- DIRECTIONS FOR THIS TASK: Copy out the lines beginning with the one that contains "ハンドメイド レオパード柄 コーデュロイベスト [163756]" and ending with the last line below, exactly as they stand. Pictures are not copied.

-- DATASET ENTRIES follows --

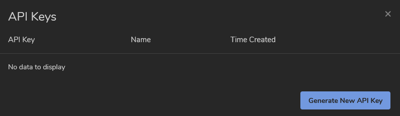 In the popup dialog, click Generate New API Key.
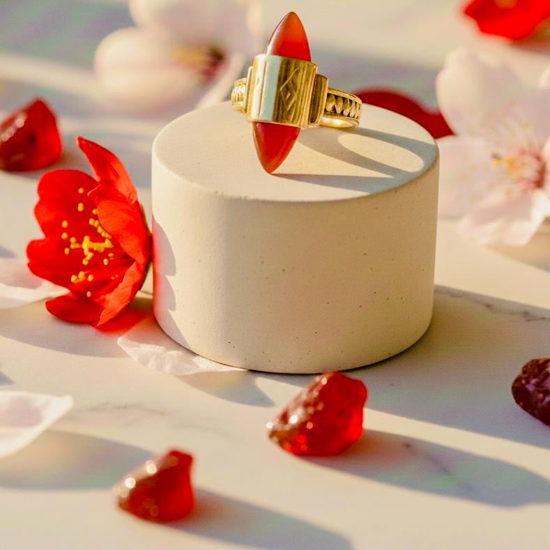Voici une bague audacieuse qui attire l’attention avec son design affirmé. Notre création met en valeur une magnifique pierre d’agate ou de cornaline rouge intense, taillée en pointe pour un effet sculptural saisissant. La monture en métal doré (laiton ou plaqué or) présente des gravures délicates et un travail de métal détaillé sur les côtés de l’anneau, rappelant des influences ethniques ou architecturales.
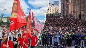 В минувшее воскресенье в Москве состоялся масштабный крестный ход в честь Собора Московских святых, который возглавил патриарх Кирилл. Это мероприятие выглядело пафосно и воинственно, однако оказалось значительно менее масштабным, чем празднование мусульманского праздника Курбан-байрам в Москве.
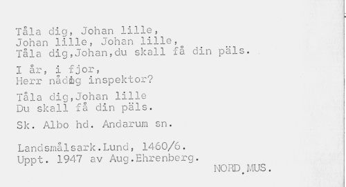 //// Tåla dig, Johan lille, //// Johan lille, Johan lille, //// Tåla dig,Johan,du skall få din päls. . //// I år, i fjor, //// Herr nådig inspektor? //// Tåla dig,Johan lille Du skall få din päls. //// Sk. Albo hd. Andarum sn. //// Landsmålsark.Lund, 1460/6. Uppt. 1947 av Aug.Ehrenberg. //// NORD MUS. ? ////
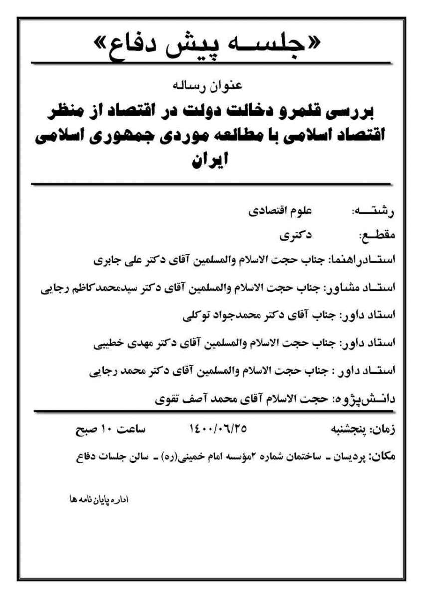 جلسه پیش‌دفاع رساله دكتری دانش‌پژوهان مؤسسه آموزشی و پژوهشی امام خمینی(ره)
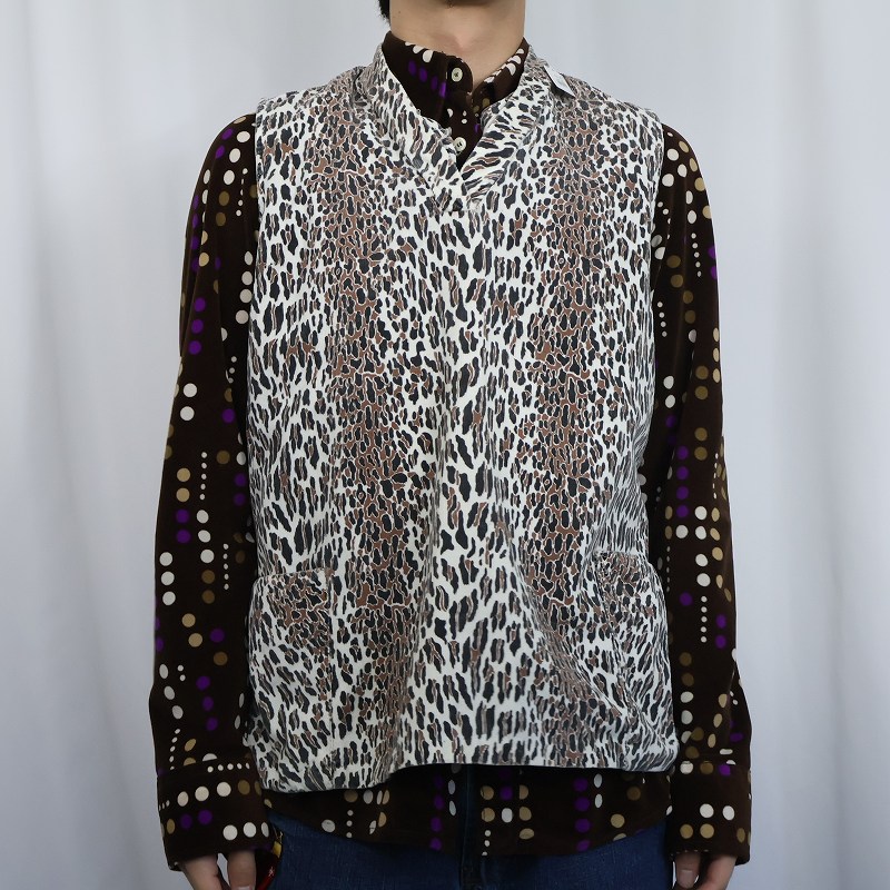 ハンドメイド レオパード柄 コーデュロイベスト [163756]
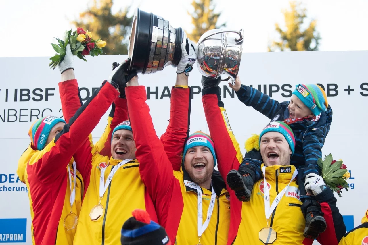 Altenberg - Mit seinem Sohn auf den Schultern nahm Bob-Pilot Francesco Friedrich bei der Siegerehrung ganz in Ruhe seinen neunten WM-Pokal entgegen.

-- DATASET ENTRIES concluded --

- TASK OUTPUT:
 ハンドメイド レオパード柄 コーデュロイベスト [163756]
 Altenberg - Mit seinem Sohn auf den Schultern nahm Bob-Pilot Francesco Friedrich bei der Siegerehrung ganz in Ruhe seinen neunten WM-Pokal entgegen.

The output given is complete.